Work instruction
Write out exactly the lines between the line containing "ALPHA THETA LAMBDA—Atlantic" and the end of the records, counting both ends, and leave out all pictures.

Dataset items:
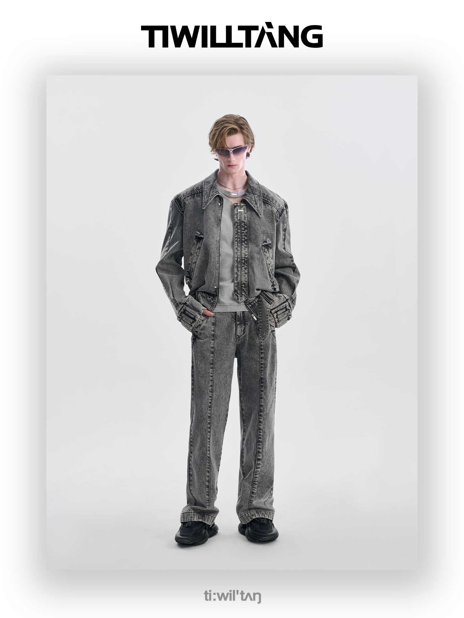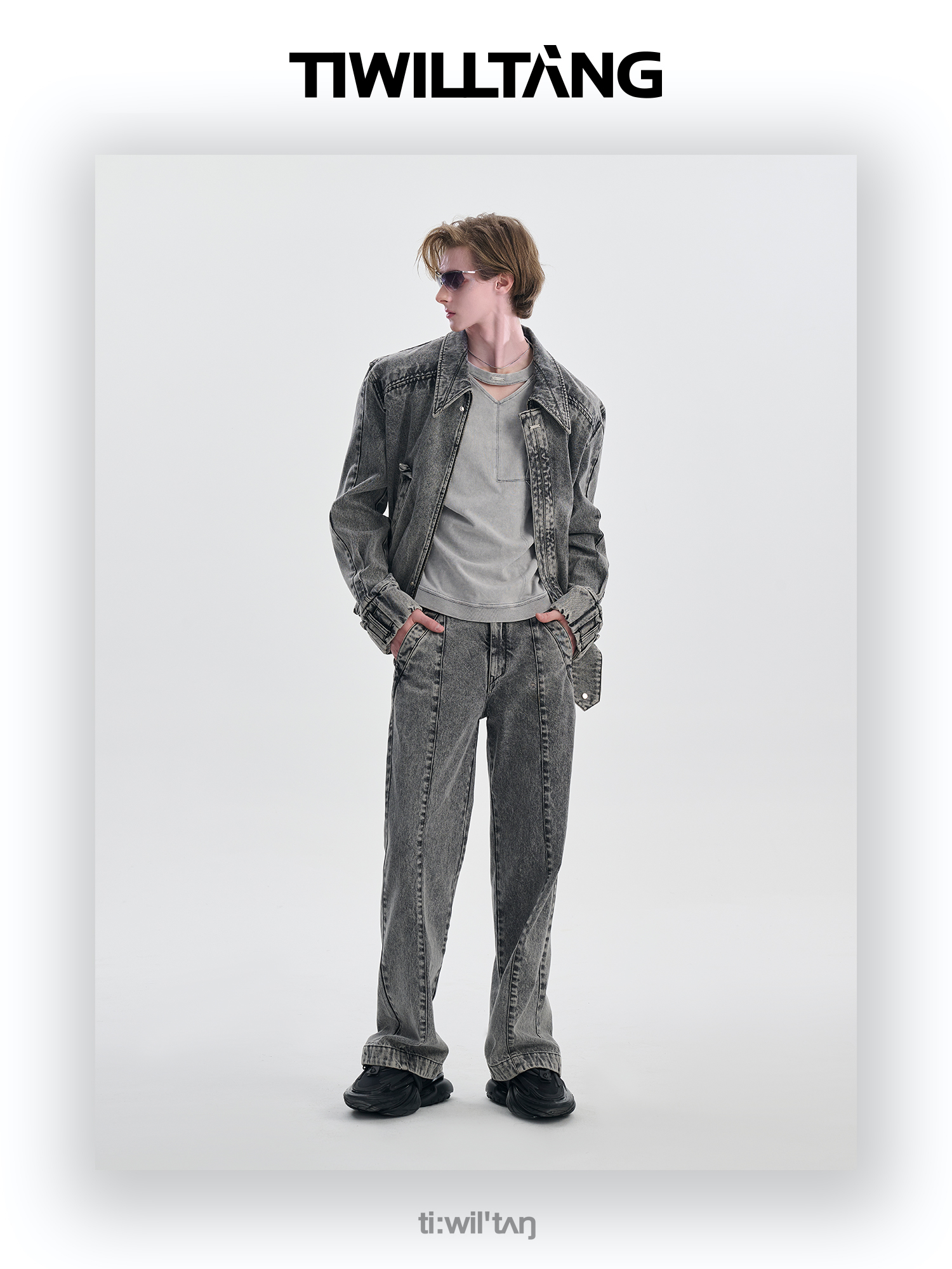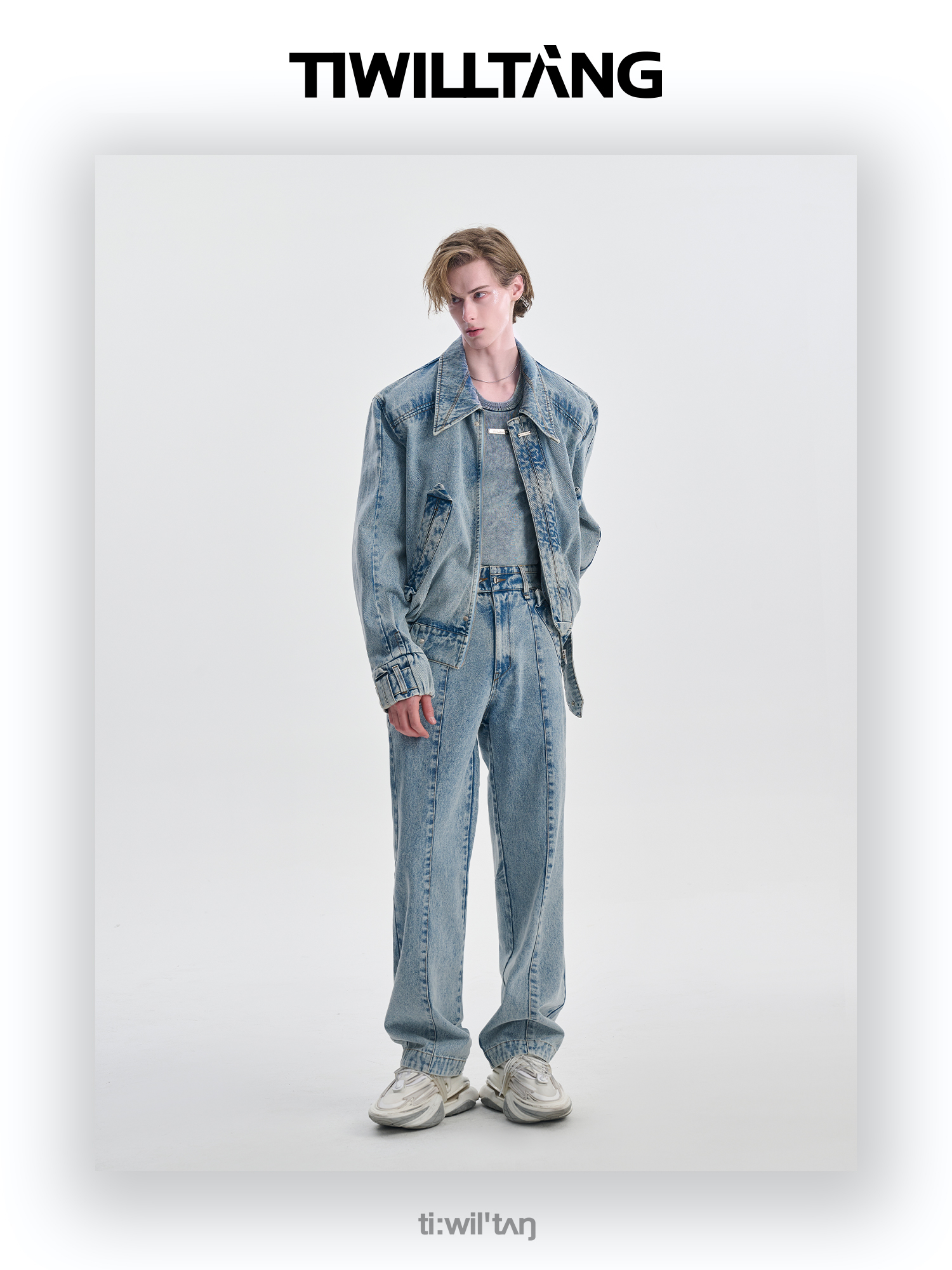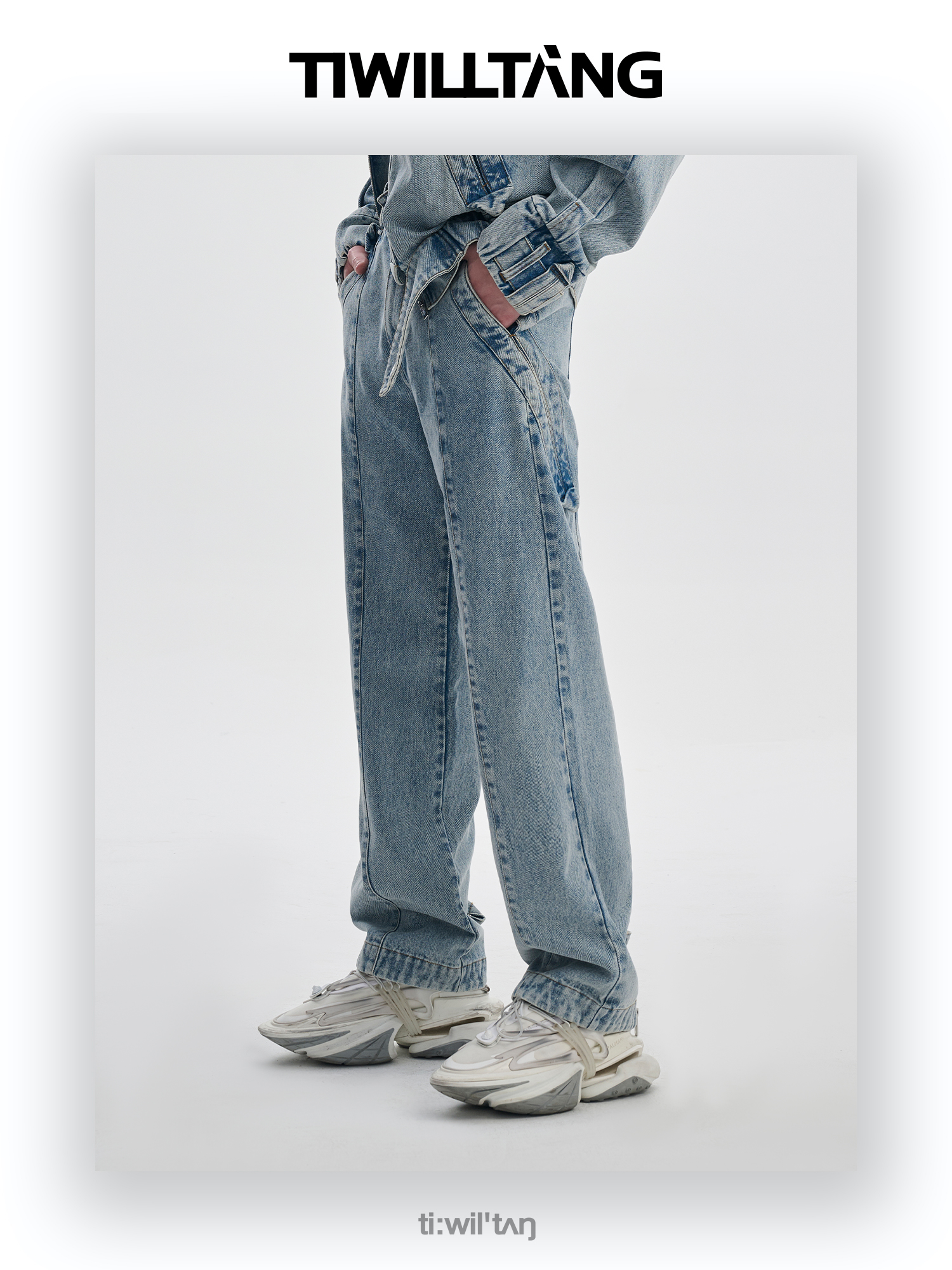 TIWILLTANG启世录“钦衹域裥”折边牛仔长裤
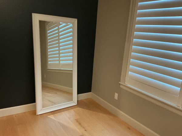 A floor length mirror with a white wooden frame in excellent condition. This mirror is set up to be hung vertically or horizontally. Length 64 inches Width 30.5 inches Asking $40
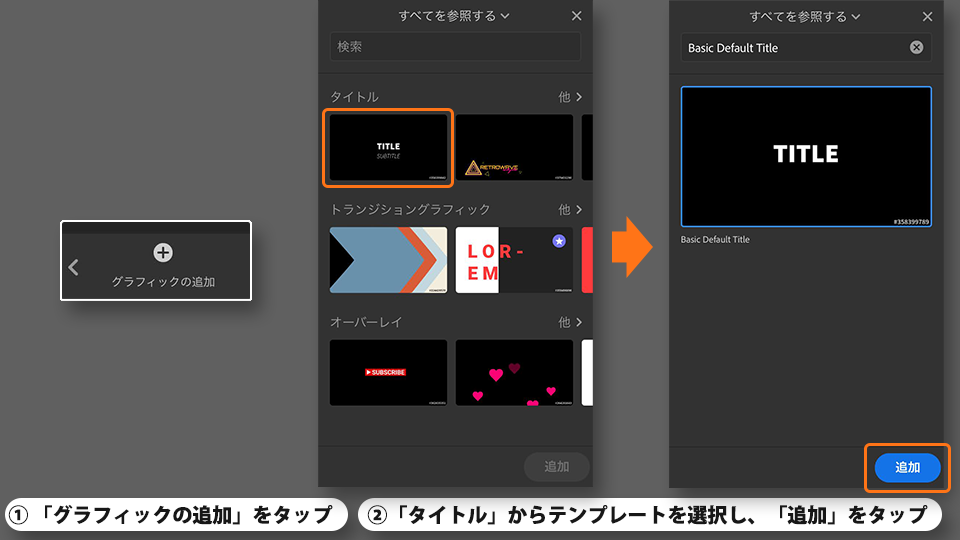 「タイトル」の一覧からテンプレートを選択し、「追加」をタップします。
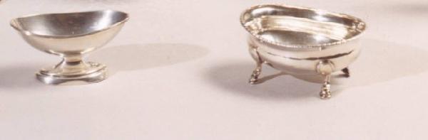 Due saliere: una ovale priva di decorazione, altra ovale con quattro piedini.
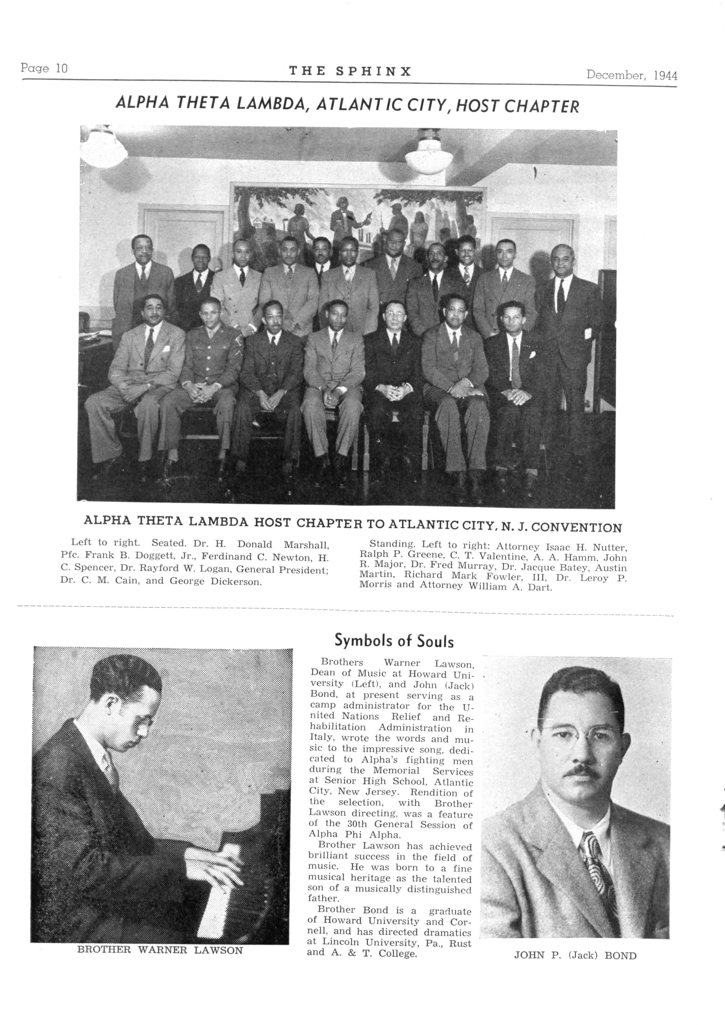 ALPHA THETA LAMBDA—Atlantic City, New Jersey President, F C Newton; Secretary, Richard M Fowler, III, 112 N Indiana Avenue, Atlantic City, New Jersey
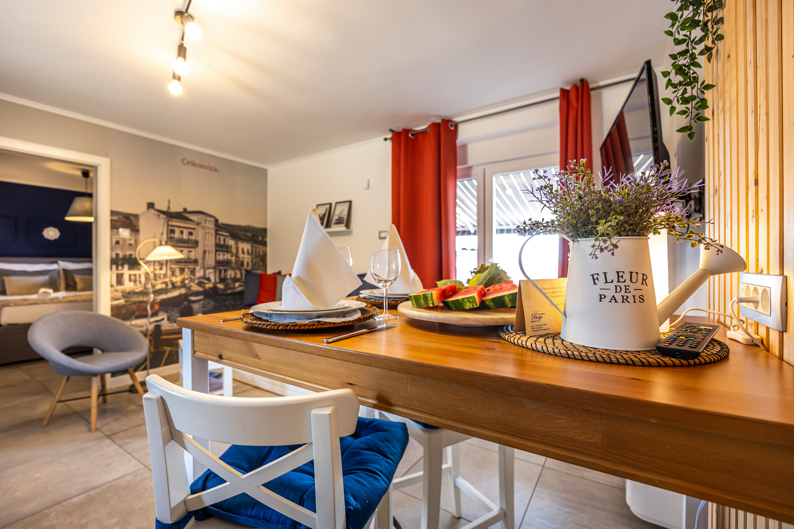 Our property features unique heated bio pool that will make you feel like you are swimming in a natural sea surrounded by azure water. The gym, wellness, jacuzzi, sauna, parking lots, laundy and much more is available for you to enjoy. We also offer a fresh healthy breakfast made with care and quality ingredients delivered straight to your apartment every morning.

Solution for this exercise
 ALPHA THETA LAMBDA—Atlantic City, New Jersey President, F C Newton; Secretary, Richard M Fowler, III, 112 N Indiana Avenue, Atlantic City, New Jersey
 Our property features unique heated bio pool that will make you feel like you are swimming in a natural sea surrounded by azure water. The gym, wellness, jacuzzi, sauna, parking lots, laundy and much more is available for you to enjoy. We also offer a fresh healthy breakfast made with care and quality ingredients delivered straight to your apartment every morning.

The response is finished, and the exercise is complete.